Squirrel hunting is not as popular as it used to be in Texas

For generations, October has been a welcome, if busy, month for hunters seeking recreation in the woods and fields of East Texas.

But the focus of his interest and enthusiasm has undergone a dramatic, ongoing, and transformative shift over the past four decades. Most of those hunters have moved away from the quarry that their ancestors and many of them younger saw as their main game of choice: small game hunting; squirrels, in particular, but also rabbits, to white-tailed deer, a species of big game that commands a growing percentage of the nation’s hunter interest.

This change has seen a large segment of the hunting community abandon or simply omit what has long been the foundational activity on which the region’s hunters built their skills, the craft of wood and cemented connections with the land, its wildlife and its culture and society. history.
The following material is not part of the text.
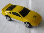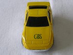 schwarze, nicht durchsichtige Scheiben mit angedeuteten Targa-Dächer. Rückspiegel und aufgesetzter Heckspoiler in Wagenfarbe an der A-Säule angebracht. Vernietete Chrom-Bodengruppe. Auf der Motorhaube den blauen Aufdruck "GBS". Chrom-5-Steg-Felgen mit Hartplastikräder. Einfaches Kinderspielzeug als Die-Cast |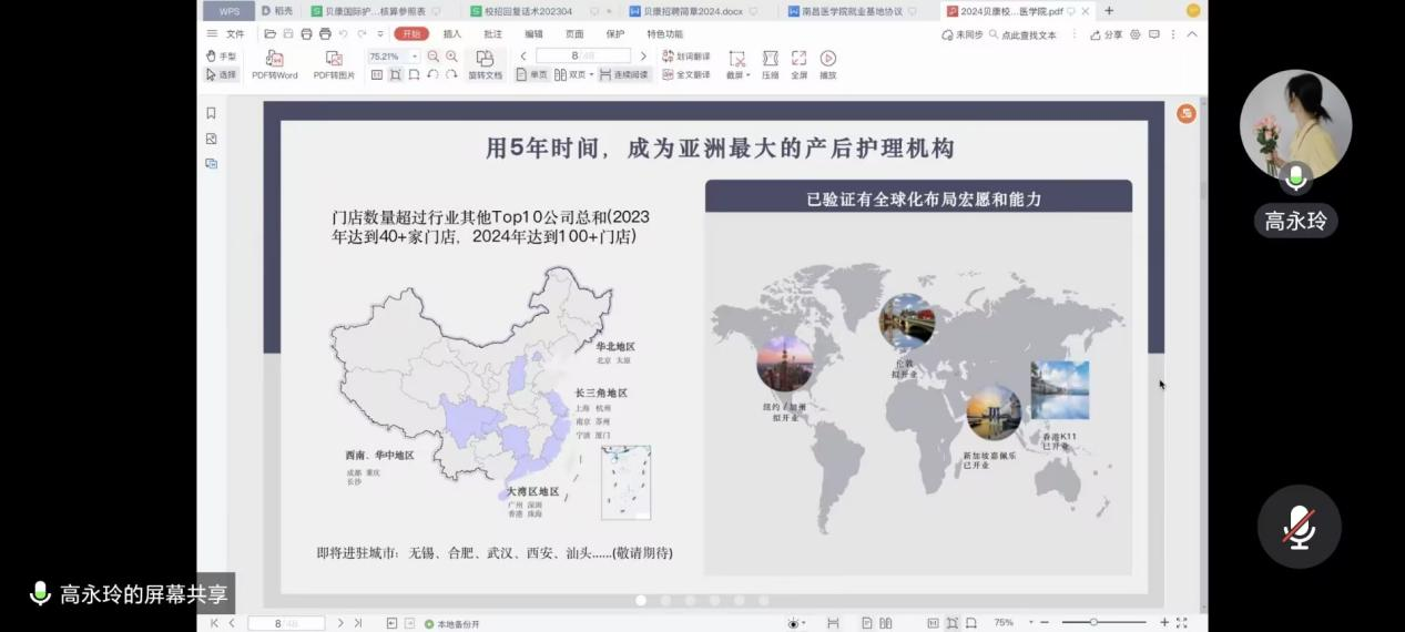 贝康国际负责人高永玲简单介绍了贝康国际的发展历程以及目标愿景,通过陈述贝康国际现有的人力和物力资源向同学们展示了一个多样化的产后护理机构,并通过就业者的工作环境、职场成长以及薪酬收入三个角度展现贝康国际环境舒适、职场氛围融洽、薪资丰厚的特点。同时公司拥有“透明晋升”规划,使学生能够纵向专业线深造。丰富的讲解吸引大家踊跃提问,会后共有18名同学向贝康国际投递了简历。

TOMPKINS: Five Things You Need to Know About Squirrel Hunting in Texas

Participation in small game hunting, specifically squirrels and rabbits, has plummeted in Texas (and nationally) over the last four decades. The numbers are staggering and reflect a long-term shift in the demographics of hunters in Texas and the nation.
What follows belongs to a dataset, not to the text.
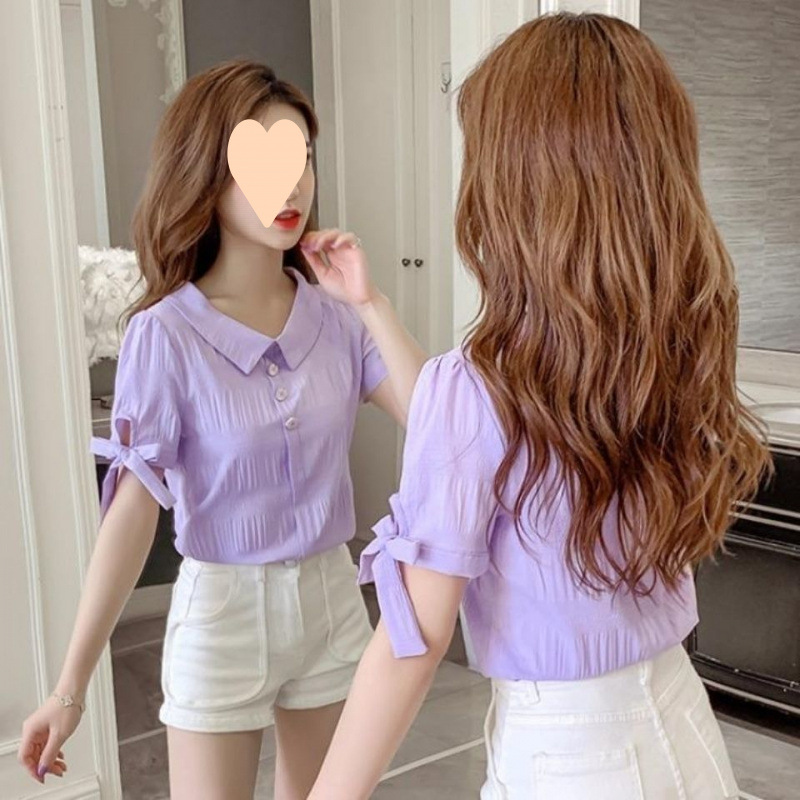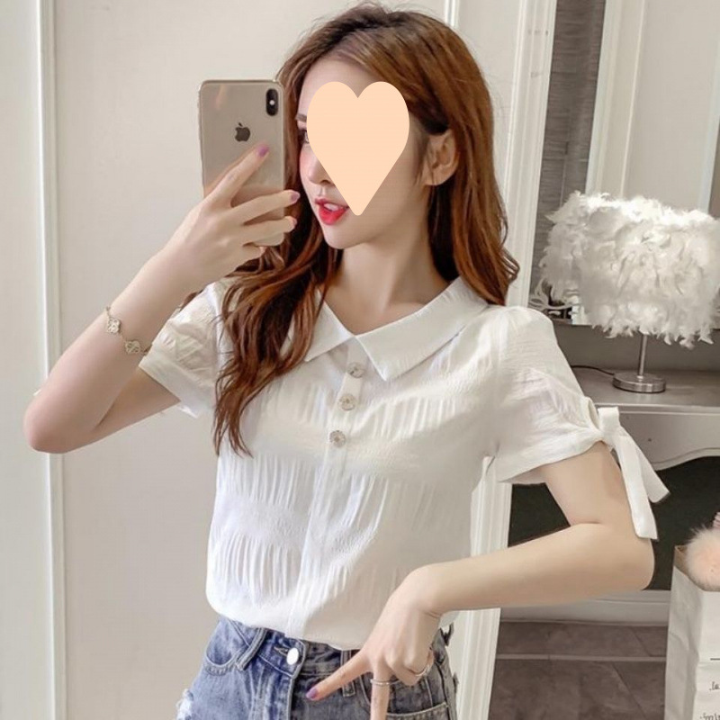 2025년 여름 신상 한국식 다재다능한 작은 신선한 여성용 반팔 셔츠, 슬림하고 달콤한 쉬폰 셔츠 상의스토어 가기

The number of hunters chasing squirrels in Texas in 1981 was estimated at nearly a quarter million, 231,000, according to the Texas Parks and Wildlife Department’s annual survey of small game that year. Nearly all of those hunters were in East Texas, most in the densely forested, squirrel-rich Pineywoods Ecoregion in the far east of the state, and a smaller number in the adjacent Post Oak Savanna.